__What the exercise asks__. Could you restate the data below word for word, without its pictures?

^^^^^^^^^^^^^^^^

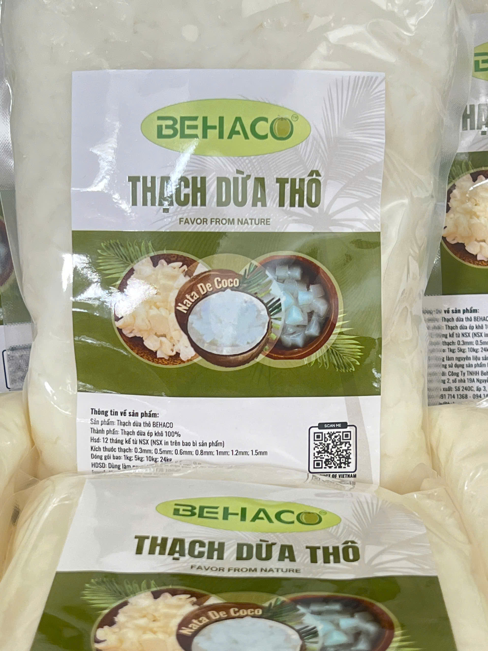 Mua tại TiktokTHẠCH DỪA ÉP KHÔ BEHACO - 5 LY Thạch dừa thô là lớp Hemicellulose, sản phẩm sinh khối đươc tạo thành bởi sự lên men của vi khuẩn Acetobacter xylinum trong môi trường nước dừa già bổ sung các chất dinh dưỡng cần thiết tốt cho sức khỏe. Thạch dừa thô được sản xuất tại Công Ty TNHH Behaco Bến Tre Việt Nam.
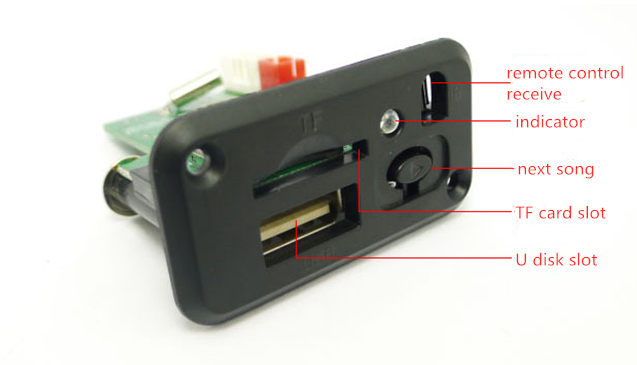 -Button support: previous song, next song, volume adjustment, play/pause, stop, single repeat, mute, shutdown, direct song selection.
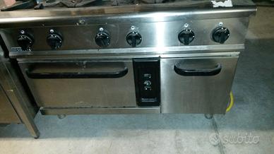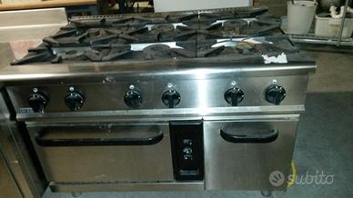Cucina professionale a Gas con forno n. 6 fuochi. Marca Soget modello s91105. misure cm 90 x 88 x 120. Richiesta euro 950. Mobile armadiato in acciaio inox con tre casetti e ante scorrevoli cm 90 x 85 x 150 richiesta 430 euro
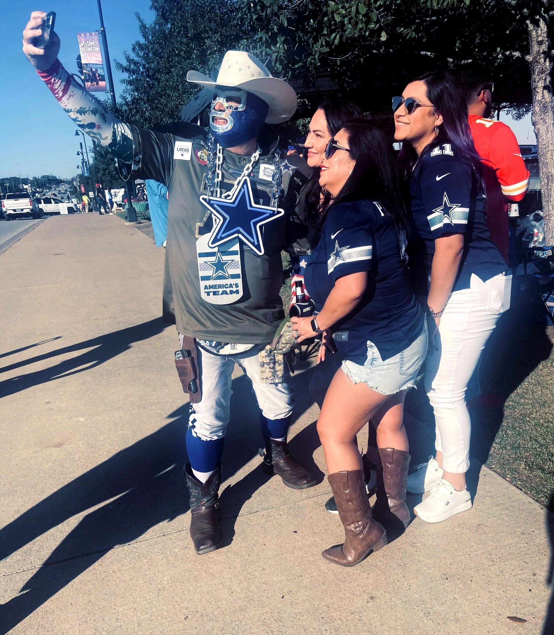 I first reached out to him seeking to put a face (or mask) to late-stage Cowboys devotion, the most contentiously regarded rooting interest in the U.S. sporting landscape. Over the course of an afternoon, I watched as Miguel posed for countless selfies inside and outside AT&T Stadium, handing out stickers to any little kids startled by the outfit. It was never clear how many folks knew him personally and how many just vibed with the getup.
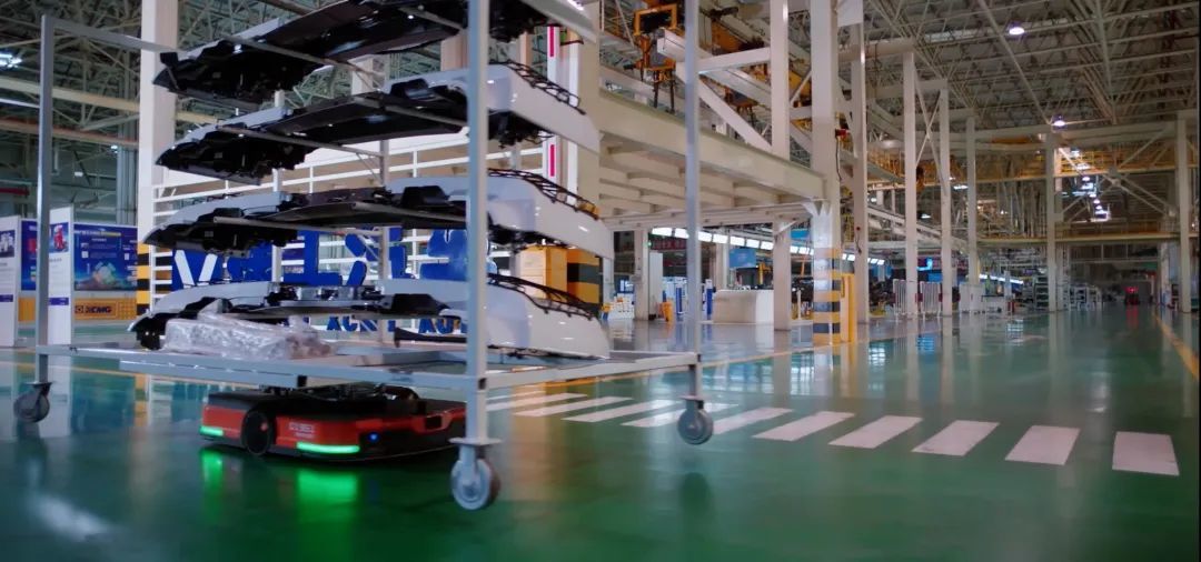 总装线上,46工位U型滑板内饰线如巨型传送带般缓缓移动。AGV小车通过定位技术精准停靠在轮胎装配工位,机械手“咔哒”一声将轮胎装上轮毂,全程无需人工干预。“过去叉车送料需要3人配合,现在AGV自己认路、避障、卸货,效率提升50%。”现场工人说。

^^^^^^^^^^^^^^^^

__Problem solution__.
 Mua tại TiktokTHẠCH DỪA ÉP KHÔ BEHACO - 5 LY Thạch dừa thô là lớp Hemicellulose, sản phẩm sinh khối đươc tạo thành bởi sự lên men của vi khuẩn Acetobacter xylinum trong môi trường nước dừa già bổ sung các chất dinh dưỡng cần thiết tốt cho sức khỏe. Thạch dừa thô được sản xuất tại Công Ty TNHH Behaco Bến Tre Việt Nam.
 -Button support: previous song, next song, volume adjustment, play/pause, stop, single repeat, mute, shutdown, direct song selection.
Cucina professionale a Gas con forno n. 6 fuochi. Marca Soget modello s91105. misure cm 90 x 88 x 120. Richiesta euro 950. Mobile armadiato in acciaio inox con tre casetti e ante scorrevoli cm 90 x 85 x 150 richiesta 430 euro
 I first reached out to him seeking to put a face (or mask) to late-stage Cowboys devotion, the most contentiously regarded rooting interest in the U.S. sporting landscape. Over the course of an afternoon, I watched as Miguel posed for countless selfies inside and outside AT&T Stadium, handing out stickers to any little kids startled by the outfit. It was never clear how many folks knew him personally and how many just vibed with the getup.
 总装线上,46工位U型滑板内饰线如巨型传送带般缓缓移动。AGV小车通过定位技术精准停靠在轮胎装配工位,机械手“咔哒”一声将轮胎装上轮毂,全程无需人工干预。“过去叉车送料需要3人配合,现在AGV自己认路、避障、卸货,效率提升50%。”现场工人说。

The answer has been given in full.